▶ ASSIGNMENT: No pictures go into the output, which should consist only of the lines from the first line of the data through the line with "Sheath/Column Sequins Spaghetti", copied exactly.

Records drawn from a dataset
===============

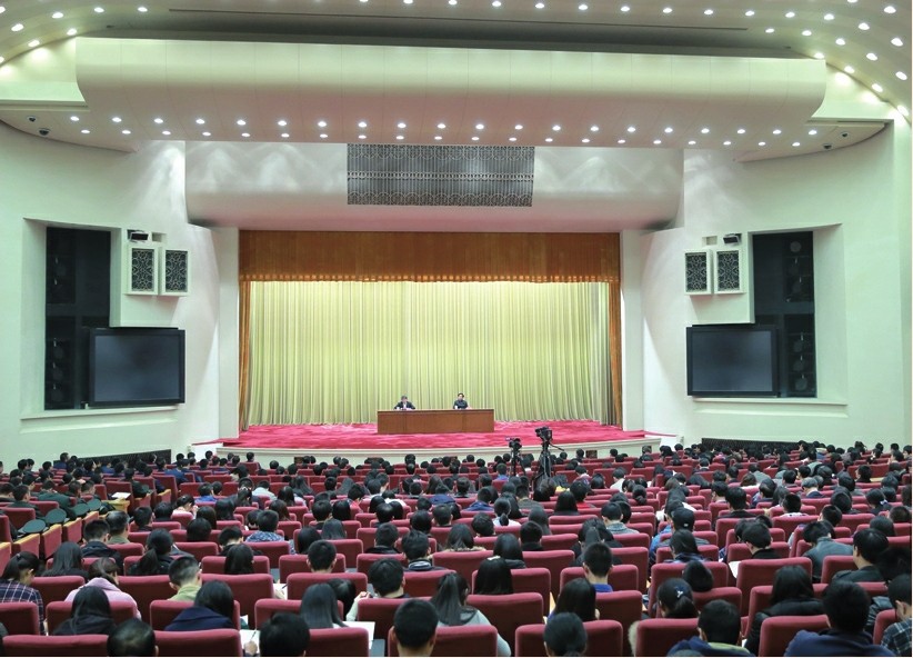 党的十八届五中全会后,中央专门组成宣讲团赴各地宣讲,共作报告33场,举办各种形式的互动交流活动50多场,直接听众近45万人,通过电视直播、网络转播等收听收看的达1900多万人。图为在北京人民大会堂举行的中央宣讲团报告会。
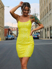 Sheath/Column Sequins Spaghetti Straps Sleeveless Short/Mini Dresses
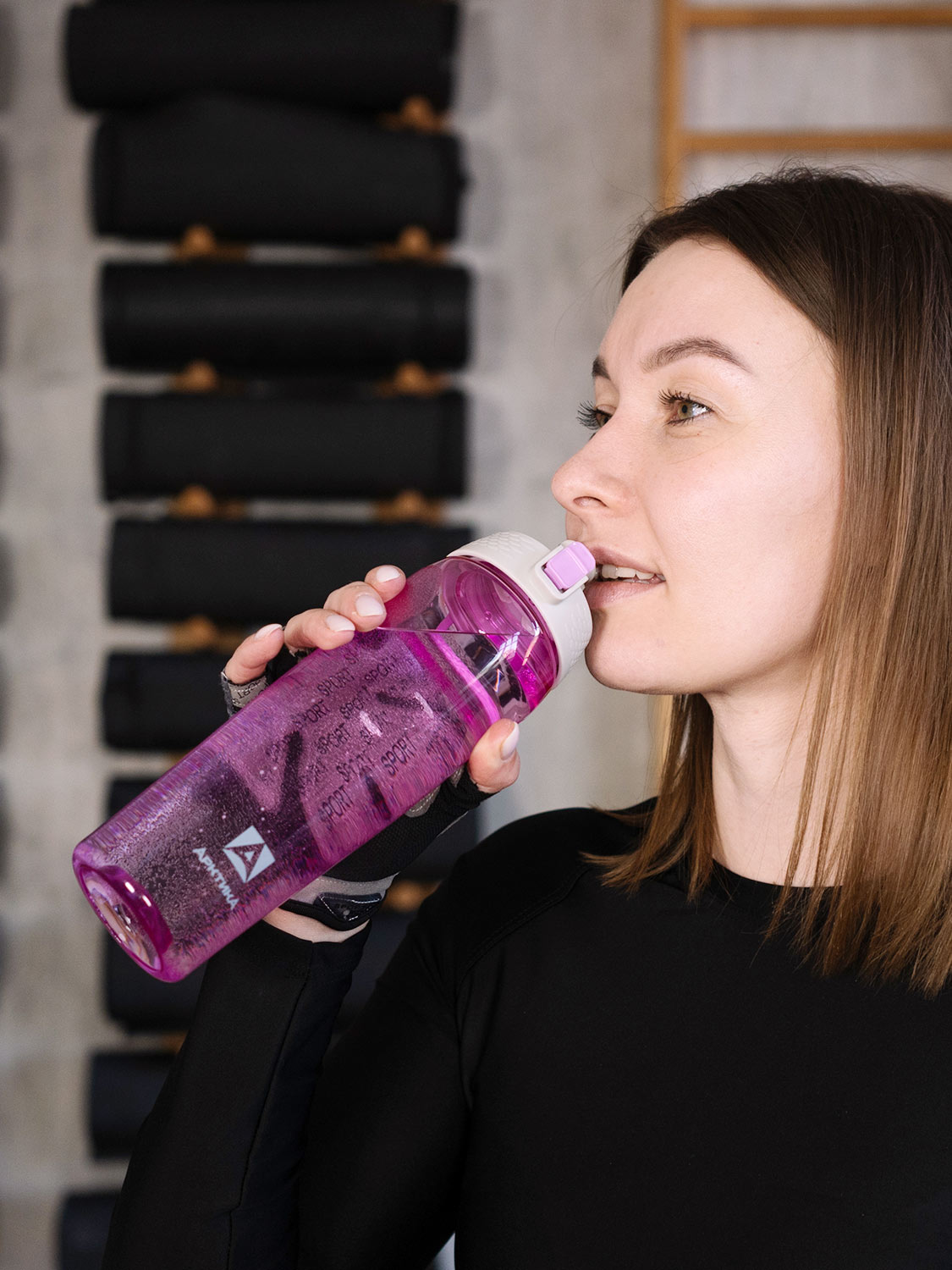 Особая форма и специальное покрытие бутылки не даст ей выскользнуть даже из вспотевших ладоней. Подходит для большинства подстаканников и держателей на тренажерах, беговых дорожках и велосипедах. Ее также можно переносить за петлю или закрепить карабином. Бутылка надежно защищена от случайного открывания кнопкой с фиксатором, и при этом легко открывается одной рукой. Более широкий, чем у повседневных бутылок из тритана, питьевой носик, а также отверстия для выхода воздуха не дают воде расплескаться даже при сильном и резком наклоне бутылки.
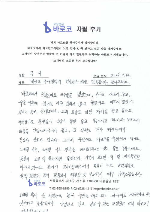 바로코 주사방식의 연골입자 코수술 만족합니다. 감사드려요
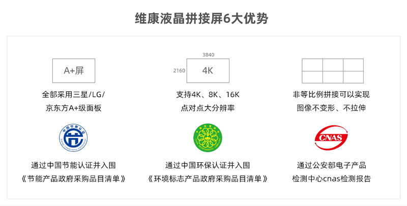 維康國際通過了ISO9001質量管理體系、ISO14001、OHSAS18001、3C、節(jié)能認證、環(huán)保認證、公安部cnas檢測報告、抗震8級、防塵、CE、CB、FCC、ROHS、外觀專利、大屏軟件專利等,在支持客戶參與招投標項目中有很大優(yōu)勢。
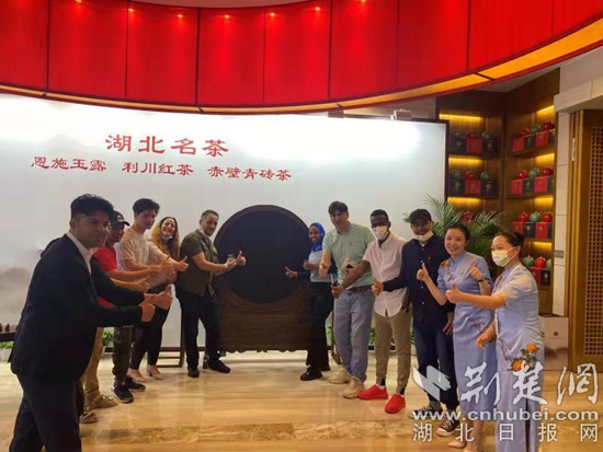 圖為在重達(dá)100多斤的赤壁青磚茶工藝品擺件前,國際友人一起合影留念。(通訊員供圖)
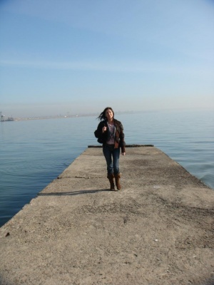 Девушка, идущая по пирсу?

===============

▶ WRITTEN ANSWER:
 党的十八届五中全会后,中央专门组成宣讲团赴各地宣讲,共作报告33场,举办各种形式的互动交流活动50多场,直接听众近45万人,通过电视直播、网络转播等收听收看的达1900多万人。图为在北京人民大会堂举行的中央宣讲团报告会。
 Sheath/Column Sequins Spaghetti Straps Sleeveless Short/Mini Dresses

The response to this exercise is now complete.